Now’s an ideal time for a movie about the Nuremberg trials, especially one that looks at the nature of genocidal evil and what makes monsters into monsters.
Unfortunately, Nuremberg isn’t a movie that honors its subject. It’s sluggish, boring, poorly-paced, not about one of the more interesting angles of the trials, and is bogged down by two central performances that are terrible, despite coming from past Oscar winners.
Nuremberg was written and directed by James Vanderbilt. Best known as a screenwriter, he wrote the great Zodiac, as well as many middling blockbusters, including both Andrew Garfield Spider-Man movies. His lone directorial credit before now was 2015’s Truth, one of the most inexplicable films of the last 25 years. That was about the Dan Rather/Bush National Guard documents scandal, positioned as an Oscar-bait movie, which argued that Rather and producer Mary Mapes were the heroes.
The new film is based on a 2013 book The Nazi and the Psychiatrist, which was about the relationship between psychiatrist Douglas Kelley (Rami Malek) and Herman Goering (Russell Crowe), the high-ranking Nazi who was put on trial at Nuremberg. Kelley wrote two of his own books about the experience, but the source material is Jack El-Hai’s more contemporary book.

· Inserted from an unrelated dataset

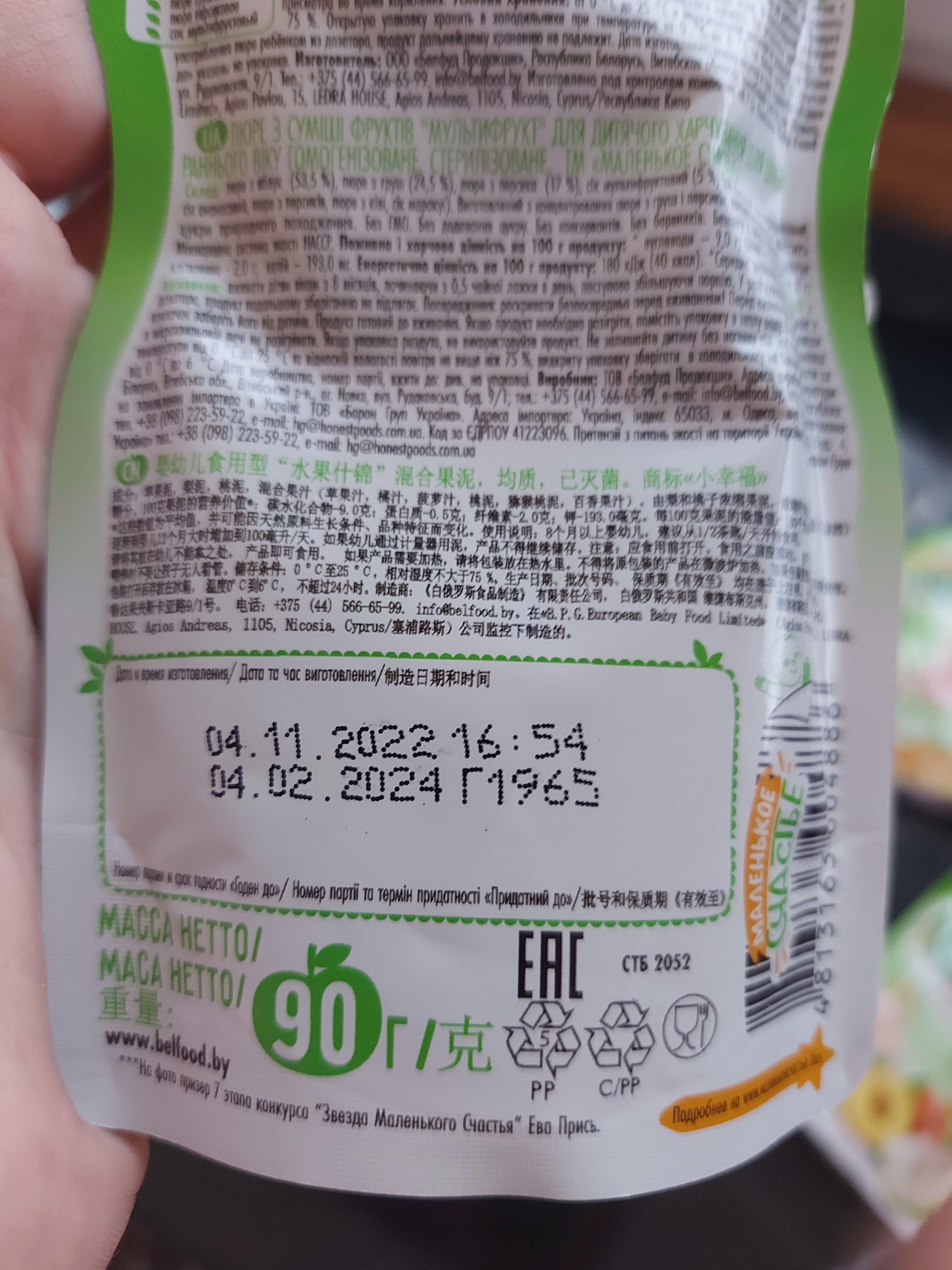 Пюре Маленькое счастье мультифрукт 90г с 8месяцев
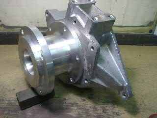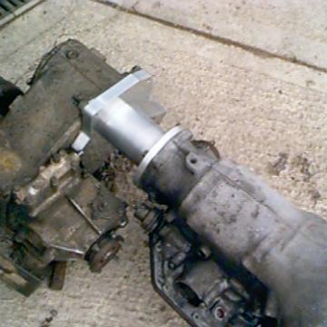 The following pictures show Paul’s adapter. This design benefits from the fact that you don't need to source the original adapter that Land rover used. However, this design doesn't have provision for mounting the high/low/diff lock lever. Paul has this CNC machined from billet ally.

There are numerous other characters, including Michael Shannon and Richard E. Grant as the American and British prosecutors, respectively, both of whom sport some of the best-looking suits you’ve ever seen. Colin Hanks plays a rival psychiatrist, while John Slattery is Burton C. Andrus, the supervisor who distrusts Kelley. Wrenn Schmidt plays a flirty female journalist in a subplot that goes nowhere. But the main trust of the story is the relationship between Kelley and Goering, and it doesn’t work.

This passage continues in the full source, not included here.